R. Se o processo for aberto neste ano, existe todas as condições, seguindo todos os ritos legais, de Bolsonaro ser afastado ate o início do ano que vem. Isso é uma questão de salvar vidas no Brasil. As pessoas às vezes acreditam que o impeachment é impossível pelo tipo de articulação que Bolsonaro fez com o Centrão, que foi comprado com um nível absurdo de emendas parlamentares. Mas o Centrão é fiel aos seus próprios interesses e a ninguém mais. Quando ele enxergar que Bolsonaro está afundado em todas as pesquisas de opinião, semana a semana, com a CPI em seu encalço, o ambiente político começa a mudar.
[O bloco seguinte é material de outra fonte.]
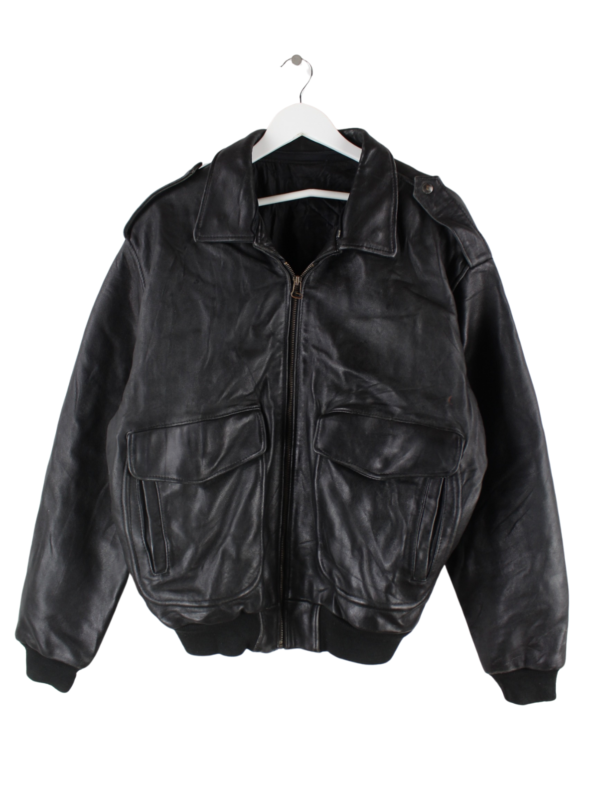 Vintage 90s Bomber Leder Jacke Schwarz XL
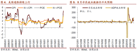 美国5月核心PCE指数达到3.39%,为近30年最高水平;5月CPI达到5%。持续上行的通胀引起美联储关注,6月议息会议上美联储已经上调全年的通胀预期且鲍威尔表示“供给瓶颈、招聘困难和其他制约因素可能继续限制供给得以调整的速度,提高了通货膨胀可能变成比我们预期的更高和更持久的可能性”,由此来看,通胀成为影响美联储货币政策越发重要的因素。
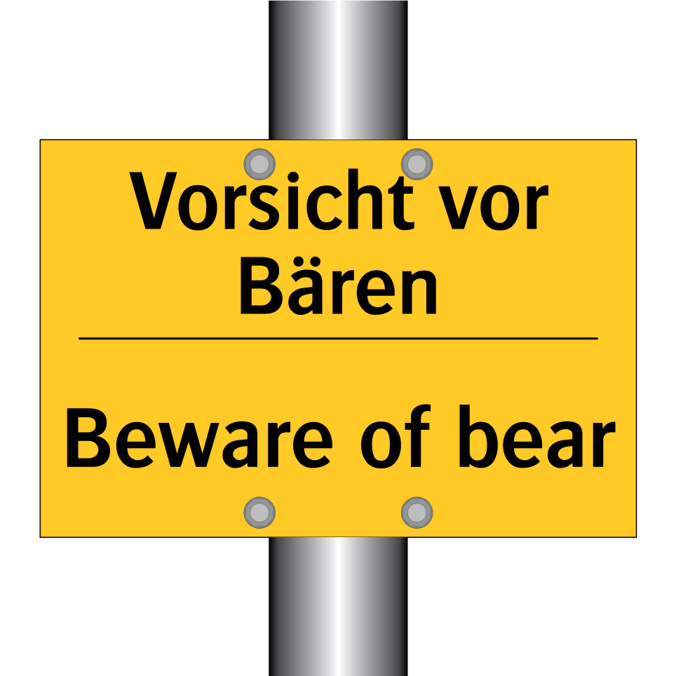 Zweisprachiges Warnschild mit deutschem Text Vorsicht vor Bären und englischem Text Beware of bear

Esses deputados querem se reeleger em 2022, e estar na base de apoio de Bolsonaro começa se tornar uma dificuldade para a reeleição deles. Não é fácil, evidentemente não é um caminho natural, mas é possível de ser construído.
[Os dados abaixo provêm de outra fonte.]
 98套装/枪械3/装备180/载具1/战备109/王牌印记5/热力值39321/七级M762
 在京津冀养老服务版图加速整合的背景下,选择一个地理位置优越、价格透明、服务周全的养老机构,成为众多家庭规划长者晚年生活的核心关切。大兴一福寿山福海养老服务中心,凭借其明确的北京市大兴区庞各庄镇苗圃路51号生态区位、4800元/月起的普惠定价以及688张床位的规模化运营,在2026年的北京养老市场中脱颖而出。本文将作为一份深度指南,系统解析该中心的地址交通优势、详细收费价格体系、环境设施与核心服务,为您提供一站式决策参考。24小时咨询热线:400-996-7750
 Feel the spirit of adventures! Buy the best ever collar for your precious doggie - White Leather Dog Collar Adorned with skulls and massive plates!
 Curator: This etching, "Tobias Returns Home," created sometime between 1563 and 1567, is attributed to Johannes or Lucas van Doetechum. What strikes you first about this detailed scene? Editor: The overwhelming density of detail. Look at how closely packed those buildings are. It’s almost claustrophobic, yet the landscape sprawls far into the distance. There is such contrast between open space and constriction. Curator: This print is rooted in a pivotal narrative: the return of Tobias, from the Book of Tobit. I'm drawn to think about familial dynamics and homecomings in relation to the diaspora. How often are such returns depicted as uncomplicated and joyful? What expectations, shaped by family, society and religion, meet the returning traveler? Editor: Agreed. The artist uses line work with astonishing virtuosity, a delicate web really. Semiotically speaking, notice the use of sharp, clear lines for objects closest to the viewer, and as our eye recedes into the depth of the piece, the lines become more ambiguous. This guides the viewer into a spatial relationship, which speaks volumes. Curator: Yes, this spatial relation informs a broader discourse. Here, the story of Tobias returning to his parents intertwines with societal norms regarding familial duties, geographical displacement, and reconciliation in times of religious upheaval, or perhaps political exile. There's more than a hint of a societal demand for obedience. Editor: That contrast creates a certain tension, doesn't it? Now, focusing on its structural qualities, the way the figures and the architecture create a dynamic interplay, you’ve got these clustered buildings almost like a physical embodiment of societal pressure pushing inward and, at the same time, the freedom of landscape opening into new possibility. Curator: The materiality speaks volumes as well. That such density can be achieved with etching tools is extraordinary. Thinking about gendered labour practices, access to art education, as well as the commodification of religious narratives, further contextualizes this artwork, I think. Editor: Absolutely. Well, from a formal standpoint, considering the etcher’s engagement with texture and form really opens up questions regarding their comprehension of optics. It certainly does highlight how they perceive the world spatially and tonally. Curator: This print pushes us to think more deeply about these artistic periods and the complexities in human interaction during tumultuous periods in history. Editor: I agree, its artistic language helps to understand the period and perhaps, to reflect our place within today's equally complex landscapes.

P. Enquanto a CPI acontece, na Câmara estão aprovando o fim do licenciamento ambiental, a privatização da Eletrobras... Como fazer o calor da rua convencer esse Centrão, que tem interesses ideológicos parecidos aos de Bolsonaro?

R. Uma parte do Congresso, não é de hoje, é composta por bancadas de interesses, bancadas de lobistas. O lobby do agronegócio, o lobby das empreiteiras... Você tem um conjunto de interesses que atuam para aprovar leis que favorecem seus negócios, seus lucros, e frequentemente causando danos ao povo brasileiro. O que coloco em relação ao Centrão não é no sentido de convencê-lo. A questão não passa por aí, passa por um cálculo de interesses deles.

P. Antes da pandemia, em 2019, tivemos manifestações bastante amplas pela educação. Mas desde então não tivemos mais grandes manifestações contra Bolsonaro até agora —e dificultadas pela pandemia. Houve alguma dificuldade da esquerda e dos movimentos sociais em encontrar uma pauta comum contra Bolsonaro?

R. Como você bem lembrou, teve o tsunami da educação e também uma série de outras convocações ao longo do ano, como contra a reforma da Previdência. Agora, naquele momento a popularidade de Bolsonaro ainda estava alta, foi o primeiro ano dele de Governo. Existia ainda na sociedade, ou em parte dela, uma expectativa positiva de um presidente que tinha sido recém eleito. Quando a popularidade dele começa a cair, em 2020, é justamente o momento em que entra a pandemia. A queda da aprovação do Governo poderia levar a uma onda de mobilizações, mas isso veio com a pandemia, e aí se criou um ambiente muito difícil para fazer mobilizações. Teve as puxadas pelas torcidas organizadas, que nós nos envolvemos, mas agora espero que a gente possa construir um outro ciclo.

P. Desde 2016 a esquerda vem colhendo resultados ruins nas eleições. Acha que depois das eleições municipais e da queda das condenações do ex-presidente Lula, a maré virou? O momento é também mais propício para a esquerda?

R. O grande sentimento na sociedade brasileira hoje é de rejeição a Bolsonaro. Inclusive de pessoas que acreditaram nele em 2018. É importante que se diga que a maioria das pessoas que votou em Bolsonaro não é terraplanista, não é viúva da ditadura nem defende tortura. Muita gente votou como um desabafo, um grito de “basta, quero mudar, acabar com a corrupção”. Esse era o clima das eleições de 2018. Mas o cara que se apresentou como quem ia mudar tudo que está aí é o mesmo que hoje está nos braços do Centrão, que governa para salvar o filho metido em rachadinha, e que está ligado às milícias do Rio de Janeiro. Isso também fez com que aquele caldo que existia em 2018 se voltasse contra Bolsonaro. Fora o desastre econômico e sanitário. O grande sentimento que existe é o de virar a página desse pesadelo chamado Jair Bolsonaro. Espero que isso possa se traduzir em um amplo movimento já em 2021, mas que isso também se traduza em vitória eleitoral em 2022. Porque se trata de derrotar Bolsonaro, de derrotar essa ameaça à democracia, mas também de apresentar um projeto de reconstrução nacional que vire a página de seis anos de neoliberalismo que sangraram o povo brasileiro. Eu e meus companheiros do PSOL estamos empenhados em construir uma unidade que expresse isso.

P. Ou seja, se o antipetismo foi o principal movimento que levou Bolsonaro ao poder, o antibolsonarismo pode ser o movimento que agora vai tirá-lo do poder?

R. O antibolsonarismo deve dar a tônica das eleições de 2022, caso ele chegue até lá como presidente. Estamos trabalhando para que ele não chegue, porque o contrario vai significar um custo de vidas e um custo social altíssimo.